Thursday, April 18, 2013

A Tribute To Spuckies and Frappes


I’m writing my blog early this week.  I’m not really writing about me; there isn’t much to talk about anyway.  If you need a review, I have a stress fracture in my foot, am learning to balance on crutches, and can’t run for an indeterminate amount of time.  Yada, yada, yada, and you're all caught up.  Now I would like to write about something that is very important to me.

As some of you know, I lived in Boston for a while.  That’s right: this girl born and bred in Manhattan voluntarily moved into Red Sox territory.  I admit, I never fully absorbed all of Boston’s culture and nuances; I’d eat a “hero” instead of a “spuckie”, would not let the word “frappe” replace what I know as “milkshake”, and I flat out refused to consider the letter “r” as silent when it ended a word.

Now, I wasn’t a total outsider either.  It was in Boston (OK, Cambridge.  Let’s not split hairs) that I discovered Burnt Caramel flavor ice cream at Toscanini’s, and to this day I still prefer to use the word “wicked” instead of “very”.  I even refer to my Metro-North monthly train ticket as a “T-Pass”. 

Because I was always on the fringe of feeling like being a Bostonian, I got to observe those people who truly are.  They are loyal, which is how places like Regina Pizzeria and Mike’s Pastries stay around for decades.  They are dedicated, proven by how they waited for years (and years, and years… Sorry, still a Yankee fan) for the Sox to win the World Championship.  They are tough: they’ve endured record breaking heat and the highest amounts of snowfall in the same year.  They are welcoming, which explains how I was able to sneak on to the MIT Women’s Rugby team and stay there for 8 years, 4 as their hooker (yes, it’s a real position), 4 as a coach.  (And if you go to some rival school, don’t go telling on them.  Trust me, except for my ability to steal the other team’s ball in a scrum, I added little to their success and if anything was more of a hindrance).  And they throw a hell of a marathon. As a runner myself, I’ve been in conversations where people aspire to “qualify for Boston.”  It’s a race on every runner’s bucket list.

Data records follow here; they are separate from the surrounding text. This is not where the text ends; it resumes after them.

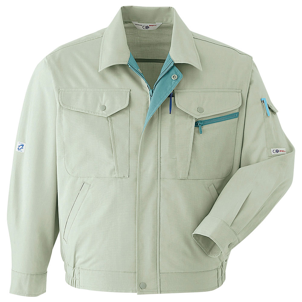 いつでも快適な着心地の長袖ブルゾン。腕の動きをスムースにし、作業性を高める肩口ノーフォーク仕様。雑菌の増殖を防ぎ、イヤなニオイを抑える抗菌防臭加工にも要注目!JIS T-8118対応の高度な帯電防止機能付き。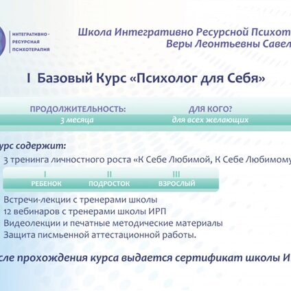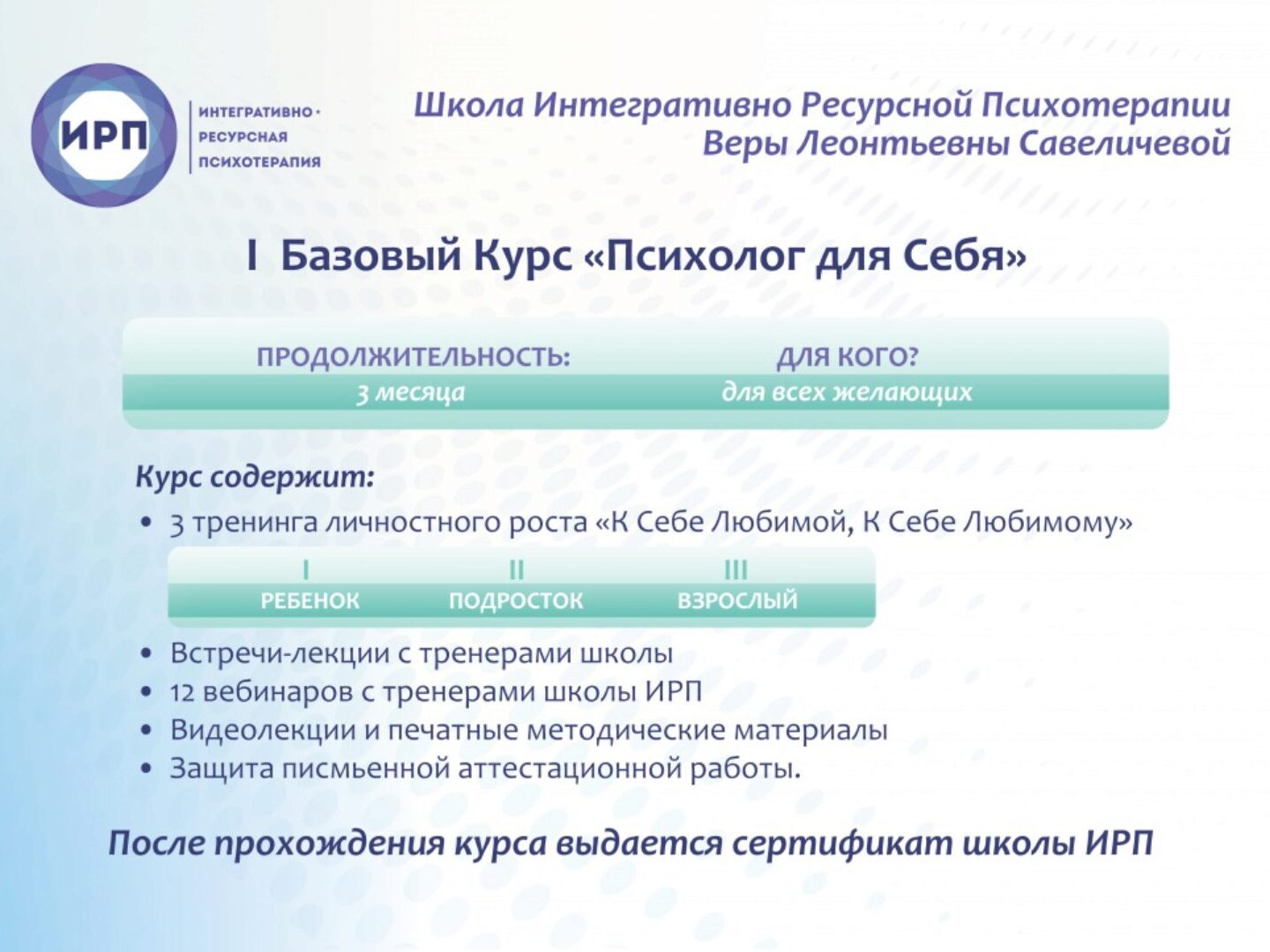 Обучение в школе ИРП – это возможность не только улучшить отношения с собой и окружающими, решить личные актуальные вопросы, но и освоить уникальный по своей эффективности метод, который был создан психотерапевтом с более чем 40-летним опытом работы - Верой Леонтьевной Савеличевой.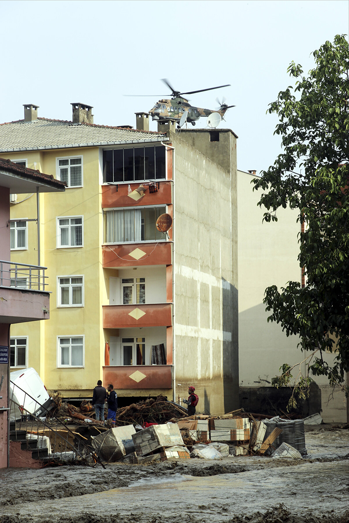 Açıklamada, Bartın; Ulus İlçesi Zaferköy Ağdacı Mahallesinde sel afeti sonrası 300 afetzede güvenli bölgelere tahliye edilmiştir. Kastamonu; Cide İlçesi Çayüstü köyü Güzel ve Merkez mahallelerinden 210 vatandaşımız tahliye edilmiştir. Bozkurt ilçesinden 2 helikopter ile Abana ilçesinde afetzedelerin tahliye faaliyeti devam etmektedir. Sinop; Ayancık ilçesi Babaçay, Zaviye, Söküçayırı ve Yenikonak köylerinden 106 afetzede 2 helikopter aracılığıyla tahliye edilmiştir. Ayancık ilçesinden 2 Sahil Güvenlik, 2 Kara Kuvvetleri helikopteri ile tahliye çalışmaları devam etmektedir. Ayrıca Ayancık Devlet Hastanesi'nde tedavi gören hastaların tamamı tahliye edilmiş olup, hastanede tedavi gören hasta bulunmamaktadır denildi.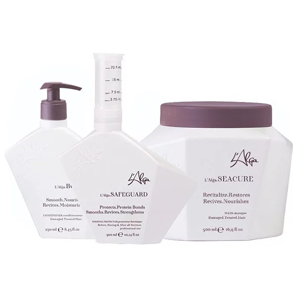 В состав набора входят: кондиционер, 250 мл, маска, 500 мл и уход З00 мл. Каждый день наши волосы подвергаются воздействию различных внешних факторов, негативно влияющих на их состояние. L'alga – это линия для восстановления и питания всех типов волос. Средства L'alga защищают волосы от негативного воздействия окружающей среды, ежедневного стресса, ультрафиолетовых лучей, сухости и горячей укладки, сохраняя тем самым естественную жизненную силу и эластичность. Эти продукты не содержат парабенов, синтетических красителей, спирта, нефтепродуктов, фталатов, солей, ГМО и SLES. Кондиционер для волос L'Alga "Boost Conditioner", 250 мл Для поврежденных волос. Кондиционер для волос с легкой текстурой дополнен биотехнологическим комплексом AlgaNord 5, интенсивными увлажняющими и восстановительными компонентами, биотином и комплексом витаминов группы В, защищающим волосы. Средство укрепляет структуру изнутри. Имеет богатый склад, благодаря уникальнойкомбинации водорослей, он смягчает даже очень жесткие волосы. Наполняет влагой, придает ему энергию и улучшает кровообращение кожи головы. Восстанавливает поврежденные волосы и закрывает кутикулу, делая их более яркими, гладкими, мягкими и здоровыми. Продукт не содержит спирт, сульфаты и парабены. Маска L'Alga "Seacure Masque", 250 мл Для поврежденных волос. Обогащена биотехнологическим комплексом AlgaNord 5, сбалансирует pH кожи головы и восстанавливает волосы изнутри. Насыщает влагой, придает волосам силу и эластичность. Био-защитный комплекс в формуле маски, содержащий биотин и ниацинамид, глубоко проникает в волосы и восстанавливает их, глубоко питая и укрепляя как изнутри, так и снаружи. Улучшает кровообращение кожи головы и восстанавливает волосяные фолликулы. Комплекс AlgaNord 5 восстанавливает ослабленные волосы и придает им эластичность. Оно становится более ярким, мягким, гладким, блестящим и приобретает объем. Продукт не содержит спирт, сульфаты ипарабены. L'Alga.SelfSafeGuard уход 300мл Предохраняет волосы до, во время и после химической обработки от любых повреждений. Восстанавливает поврежденные кератиновые связи после каждой химической обработки. THERMAL PROTECTOR обеспечивает волосам силу, мягкость, гладкость и шелковистость после каждой технической процедуры. С комплексом Alga Nord 5 Защита волос необходима, так как их красота и здоровье постоянно подрываются ежедневной укладкой, повреждающей структуру и внутренние кератиновые связи. Без постоянной защиты целостность, крепость, блеск и мягкость волос исчезают через 3-5 недель (в зависимости от способа обработки волос). Использование L'Alga.SelfSafeGuard гарантирует жизнеспособность волос, плотную структуру, целостность, мягкость и блеск. БЕЗ сульфатов и парабенов.

On Monday some sick people tried to take away a part of Boston.  Well, you picked on the wrong city.  This is a place where people protect their own parking spaces (and help me to understand this: if I dig out a spot and you dig out a spot, we each dug one and park in one.  What part of that math isn’t working?).  Do these people think Bostonians are going to back down when their biggest event of the year gets destroyed?  On the contrary, Boston will unite even more and get stronger than it already is.  Future Boston Marathons will be even more amazing, with displays of community and solidarity.  The Boston Marathon – arguably the best marathon in the world – will get even better.

I lived in Boston for 15 years of 44, really just a fraction of my life that will get smaller every year.  I never fully learned my way around (though in my defense, it is possible to stand on the corner of Tremont St. and Tremont St., and there is a piece of highway where you are on 95 North and 93 South at the same time).  But it was a very important place for me: I met my husband there, got married there, gave birth to my first child there.  Although it was just one part of my life, right now I’d have to say that the Spindells said it best: “Boston, you’re my home.”

Think I’ll have a spuckie for dinner tonight.